Die Angst saß mir im Nacken und flüsterte mir vorlaut ins Ohr, doch ich konnte weder aufsehen, noch hinhören. Ich musste den Fluss der Maschine aufrecht erhalten. „Nicht panieren, nicht panieren!“
Und wie aus dem Nichts wurde mir klar: ich bin ein Teil der Maschine. Zwar denkend und aus Fleisch und Blut, doch trotzdem ein Teil einer ganzen Maschine, die ohne mich nicht funktionieren kann. Das machte mich einerseits interessant und andererseits unfassbar traurig.
Ich war gerade dabei, innerlich meine Trauer zu zelebrieren, als einer der zwei oder drei Mitarbeiter oder Mitarbeiterinnen neben mir stand und mich lustig von der Seite anfummelte. Ich stoppte die Maschine, nahm meine Kapselgehörschutzkopfhörer ab und zog dann langsam meinen linken Schaumstoffgehörschutzstöpsel aus meinem Gehörgang, damit ich etwas verstehen konnte – denn Lippenlesen, das kann ich noch nicht!

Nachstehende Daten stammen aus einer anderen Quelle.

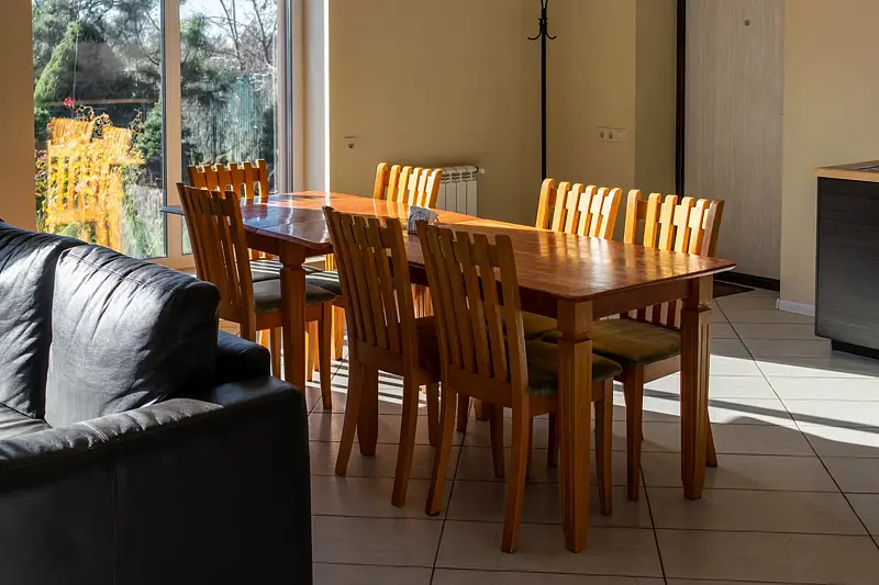 Особое внимание уделено созданию уникального кулинарного пространства. Просторная кухня оснащена современной техникой, включая духовой шкаф, плиту, микроволновую печь и холодильник, а также полным набором посуды и приборов. Гости могут насладиться приготовлением блюд как на оборудованной барбекю-зоне на свежем воздухе, так и в уютной обеденной зоне внутри дома.

Die erlösenden Worte des Mitarbeiters waren: „Du kannst an die Kopfhörer auch einen mp3-Player oder iPod anschließen! Probier’s mal, vielleicht gefällt’s dir!“
Ich stand da wie der letzte Idiot des untergehenden Abendlandes und grinste so lange debil in die kleine Abteilung, bis mein Trommelfell Schmerz verzeichnete und meine Augen freaky zu zucken begannen. Der Schmerz befreite mich aus meiner Idiotie und ich kam wieder zu mir.
Das erste Musikstück, für das ich an meinem ersten Arbeitstag während der viel zu lauten, tonlosen Arbeit die Ohren spitzte, war folgendes: { Anhören! } „Ave Maria“ in der Version von Giulio Caccini & Paul Pritchar aus dem Album „Donnie Darko (Soundtrack & Score)“.
Das befriedigendste Musikerlebnis, das ich je hatte.